Before proceeding with the listing from tokens on its platform, Coinbase realizes a audit of their smart contracts. The exchange has tested the reliability from ChatGPT in this sector. Result: its performance are insufficient at this stage.
The buzz has been going on. For months, the generative artificial intelligence tool fromOpenAI arouses curiosity and experimentation. ChatGPT is thus capable of surprising performances. But can it still be a decision support tool for a cryptocurrency exchange?
That’s what Coinbase’s security teams sought to determine through a battery of tests. The exchange’s Blockchain Security team shares its feedback from ChatGPT on its blog.

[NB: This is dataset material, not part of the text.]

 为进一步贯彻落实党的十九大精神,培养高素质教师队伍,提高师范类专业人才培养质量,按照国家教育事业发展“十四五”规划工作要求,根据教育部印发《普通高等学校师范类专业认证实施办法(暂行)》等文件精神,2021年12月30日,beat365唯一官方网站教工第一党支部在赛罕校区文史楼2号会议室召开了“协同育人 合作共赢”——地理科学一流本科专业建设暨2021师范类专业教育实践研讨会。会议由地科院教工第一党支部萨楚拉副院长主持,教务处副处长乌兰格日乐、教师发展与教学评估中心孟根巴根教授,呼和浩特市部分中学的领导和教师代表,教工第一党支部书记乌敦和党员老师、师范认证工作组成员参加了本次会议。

ChatGPT Versus blockchain security engineer
Composed of computer security engineers, this one performs an audit of the ERC20/721 smart contracts of the tokens studied for a listing with users. This examination allows to determine a security score.

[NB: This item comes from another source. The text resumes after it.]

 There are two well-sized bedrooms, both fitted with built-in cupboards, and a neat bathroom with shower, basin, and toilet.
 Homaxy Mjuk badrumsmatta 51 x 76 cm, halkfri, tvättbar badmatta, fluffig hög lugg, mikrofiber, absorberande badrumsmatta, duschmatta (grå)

ChatGPT Could it take the place of or assist an engineer in vulnerability analysis? To evaluate the capabilities of OpenAI’s AI, cybersecurity experts at Coinbase first had to determine how to teach the AI to generate a score according to its internal methodology.

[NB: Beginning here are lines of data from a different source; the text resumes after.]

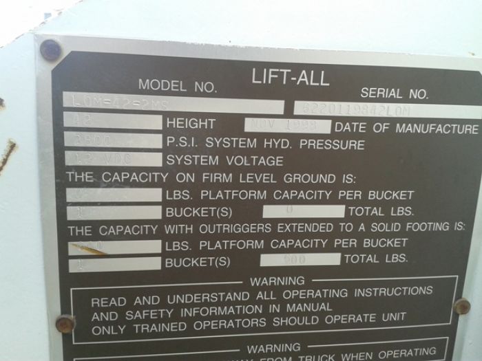 Sistema de Elevacion Lift ALL Modelo LOM42 2MS, con capacidad de 2 personas, cuenta con camara de video trasera 19,334 Hrs. Montado en Camion International Modelo 4900, Transmision Automatica, Pintura Nueva, 277,178 Millas. Equipo Listo para Trabajar.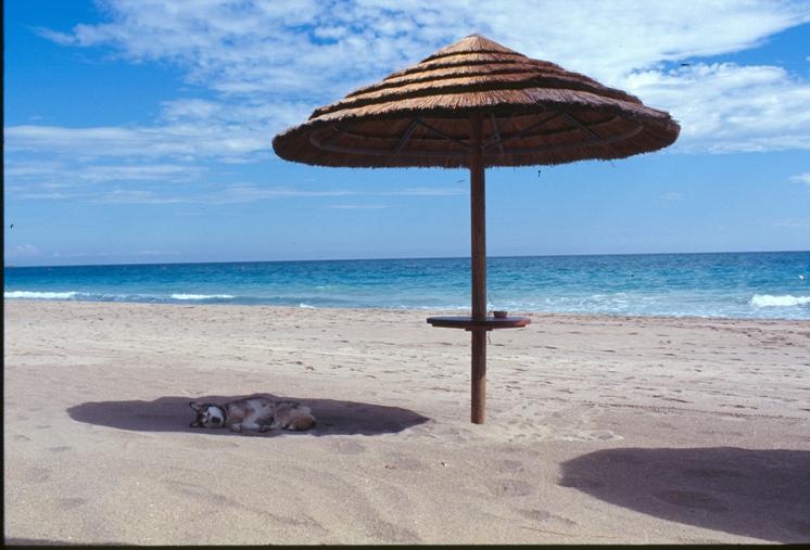 La foto non è certo nitidissima ( consideriamo che proviene da una scansione....) , l'orizzonte è pendente e la composizione forse migliorabile.... ( rispetto più rigoroso della regola dei terzi, taglio impreciso dell'ombra del secondo ombrellone, e un lembo di una terza ombra in basso a sinistra.... )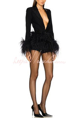 Party Time Feather Trim Design Deep Lapel V-Neck Long Sleeve Stretch Romper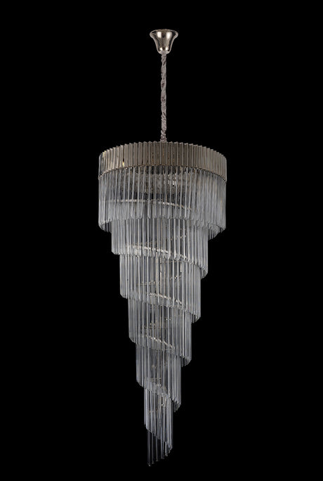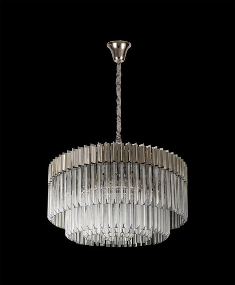£458.33 + VAT (£550.00)Unit price /UnavailableIn stock (25 units)Longhorn 80cm Pendant Round 12 Light E14, Polished Nickel/Clear Sculpted Glass, Item Weight: 25.4kg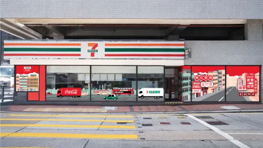 With Turn Up the City's Rhythm with Coca-Cola as its theme, the outlet incorporates a variety of Hong Kong-inspired elements. The storefront depicts the market’s streetscape against Coca-Cola’s red backdrop.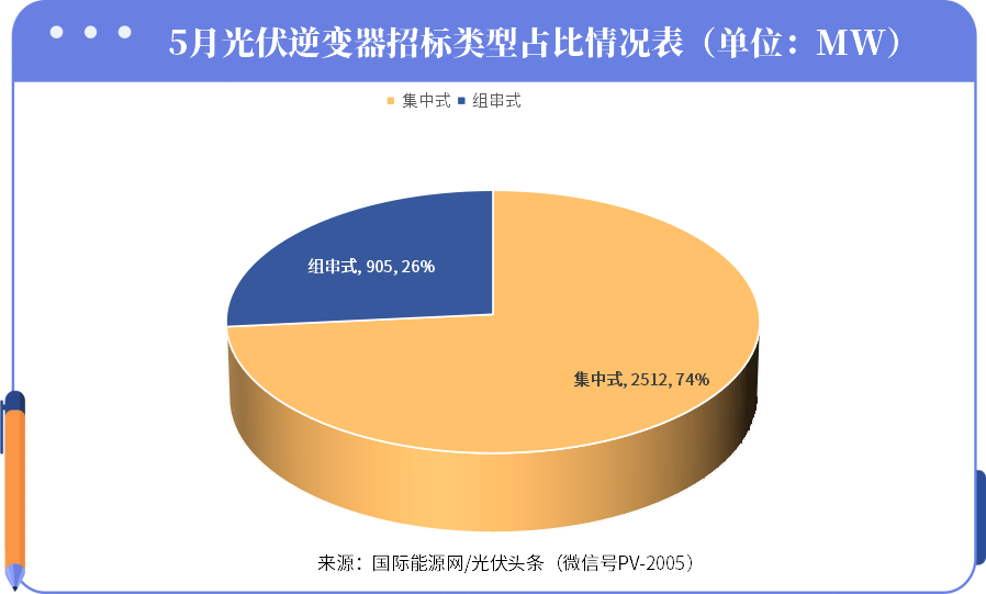 设备要求方面,/光伏头条(PV-2005)统计数据显示,本统计周期组串式逆变器采购容量905MW,占比26%。集中式逆变器采购容量2512MW,占比为74%。

To submit queries to ChatGPT, users used a “prompt”. Defining a complex query therefore requires extensive work. We now speak of prompt engineering. The prompt submitted by Coinbase is as follows:
I want you to act as a blockchain security engineer. Your task is to identify security risks within a tokenized smart contract based on the risk associated with its functions. Here is our framework [ + framework de risque]. Does the following smart contract have any of these risks?”
8 ChatGPT errors, so 5 serious
The exchange therefore provided ChatGPT with its internal audit framework, and then submitted the code for a smart contract so that it could perform its risk analysis. A total of 20 tokens were submitted to the machine and the results, a score, compared with those of an engineer.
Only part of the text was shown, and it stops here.